While this replication scheme seems reasonable with a small-scale intergration, remember there were more than 1000 integrations done this way! A new design was thought up that operated very similarly to the message negotiation system above. Changes to security master were written as events. Consumers all received an Atom feed representing the changes that had occurred. As in the message system, these links pointed back to a small service that would handle the requests.

//TODO insert diagram

Instead of converting the messages to different views, this service would instead replay all events up to a given event. An example URI might be http://bank.com/securities/AAPL/5, in which AAPL is the security and 5 is the event up to which you’ve requested information. This code looked very similar to any other projection and would just return the state as of event 5.

One added benefit of this URI scheme is that, given the immutability of URIs, AAPL at event 5 will always be the same, allowing for caching. Another is that consumers will get a state per change, thereby not always getting the latest value, which can miss a change if these are multiple.

It is important to note that the service responsible for generating the varying structural views of the state at a given point is at most a few hundred lines of code. It basically just has a few small in-memory projections to build the varying structural views and return them.

Upon receiving a new link via the Atom feed, consumers could then content-type negotiate what they wanted to receive.

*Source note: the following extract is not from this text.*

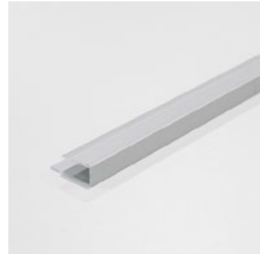
JUNIOR END 3400 x 19 x 8mm

Most clients just needed summary information and could use vnd.bank.com.security_summary+json. Others who needed the detailed view could use vnd.bank.com.security_detail+json. On top of this, tickets were no longer required in order to get access to the information. The security metadata was not secured information, and so URIs containing the information could be published. You could get per security, per market, or all changes via Atom feeds. If you needed information on a new staging server, you could just point to the URI that matches what you need and you were off.

Where this method really shines, though, is when a change eventually happens. The United States government, for example, might decide to track new terrorism information. Very few systems will actually care about this, but some may. By introducing a new vnd.bank.com.security_detail_2+json, the systems that need access to this information can be updated while all of the other systems will continue working with the first version of the security detail without needing an update.

While this pattern is not directly related to versioning of Event Sourced systems, it is a useful application of the same pattern. It is also another style of integration for Event Sourced systems where structure is used instead of shipping events. It is a good tool to have in your toolbox.